4. Judicial nominations are usually controversial.

              

It depends on the court. Confirmation rates tend to be lower for appellate court judges than for members of independent regulatory commissions and boards - the agency nominees battling the lowest confirmation odds - but higher for district court judges. According to the Congressional Research Service, the past five presidents ranged in their success on first-term nominees to appeals courts, from 67.3 percent to 86.8 percent. The rates are higher for district courts, from 76.9 percent to 95 percent. Obama fares next-to-last in each category.

              

The process also matters, and delays seem to be increasing. Before the Clinton administration, it was unusual for the Senate to conduct a roll-call vote on a lower-court nomination - a tactic that can delay confirmation. Meanwhile, Obama is the only modern president whose nominees for district and appeals courts have taken, on average, more than half a year to confirm.

              

5. Refusing to confirm presidential nominees is a fair way to rein in government.

              

Before the compromise reached this past week, Sen.

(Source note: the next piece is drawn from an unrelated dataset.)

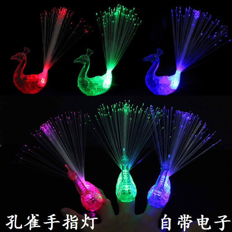 孔雀手指灯发光变色孔雀开屏光纤灯儿童地摊夜市货源发光玩具批发

Lindsey Graham, R-S.C., refused to confirm nominees to the NLRB after the agency sued Boeing over a new plant in his home state. The agency alleged that the company illegally moved work to South Carolina to retaliate for strikes by employees in Washington state. Graham and others hoped to cripple the agency - as did Democrats who used similar tactics in the final months of President George W. Bush's administration to delay a more conservative NLRB. (Boeing eventually settled with the agency, agreeing to create more unionized jobs in Seattle.)

              

In independent commissions not covered by the Vacancies Reform Act, such tactics can create great delay and uncertainty. But unless Congress repeals the laws governing those entities, their work remains necessary. For example, courts' caseloads are not reduced to account for judicial vacancies, and disputes between workers and management must still be resolved when the NLRB is hamstrung.

Graham conceded this past week that the confirmation process is not a proper way to change government obligations. He said that Richard Cordray - nominated to head the Consumer Financial Protection Bureau, created in 2011 under the Dodd-Frank Wall Street Reform and Consumer Protection Act - "was being filibustered because we don't like the law. That's not a reason to deny someone their appointment. We were wrong."